Data were taken from the middle row of each subplot. Once each week, striped and spotted cucumber beetles (Fig. 3) were counted on five arbitrarily selected plants per plot. No cucumber beetles were observed on plants under Reemay row covers. The population of striped and spotted cucumber beetles ranged from zero to 1.9 beetles per plant in 2003 (Fig. 4) and zero to 5.3 beetles per plant in 2004 (Fig. 5). Prior to the removal of row covers, there were significantly more striped cucumber beetles in the non-covered plots (average of 0.45 and 1.19 beetles per plant in 2003 and 2004, respectively) compared to the covered plots. However, after row covers were removed in both years, fields with covered rows averaged significantly (P < 0.05) more spotted cucumber beetles than rows that were not covered and had significantly more striped cucumber beetles in 2004.



A
 
B

Fig. 3. Striped (A) and spotted (B) cucumber beetles, vectors for bacterial wilt pathogen.


Prior to the removal of the row cover in 2003, insecticide treatments did not result in fewer beetles compared to the non-treated control. However, in 2004 the conventional insecticide and Admire treatments reduced beetle populations compared to the Entrust treatment and the non-treated control. After removal of row covers, there were no significant differences between any insecticide treatment and the non-treated control; however, some significant differences occurred among insecticide treatments (Figs. 4 and 5).


 

Fig. 4. Effect of row covers and insecticides on striped and spotted cucumber beetles averaged across experiments at Iowa State University research farms near Armstrong, Gilbert, and Muscatine, IA in 2003.

 


Fig. 5. Effect of row covers and insecticides on striped and spotted cucumber beetles averaged across experiments at Iowa State University research farms near Armstrong, Gilbert, and Muscatine, IA in 2004.


Bacterial Wilt

Data were taken from the middle row of each subplot.
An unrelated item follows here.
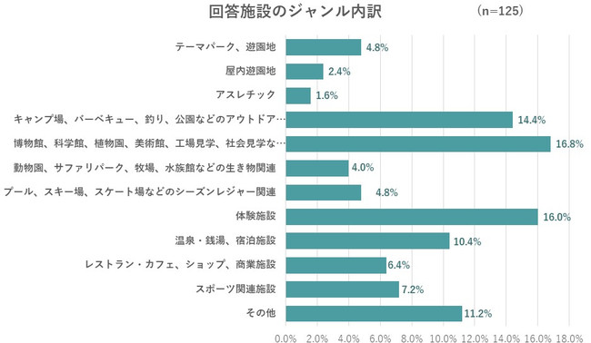 ちなみに、今回のアンケートに回答してくれた施設ジャンルの内訳は以下の通り。

Once each week, the number of plants per plot that exhibited symptoms of bacterial wilt was recorded. Plants were considered wilted when at least one shoot exhibited wilt symptoms. Percent wilt on the first harvest date and 10 days earlier were analyzed using two-way ANOVA and Fisher’s protected LSD with P = 0.05. To determine whether row cover or insecticides delayed bacterial wilt, slopes were calculated and approximate dates on which wilt exceeded 5% were determined using linear interpolation. Slopes were analyzed using two-way ANOVA and Fisher’s protected LSD with P = 0.05.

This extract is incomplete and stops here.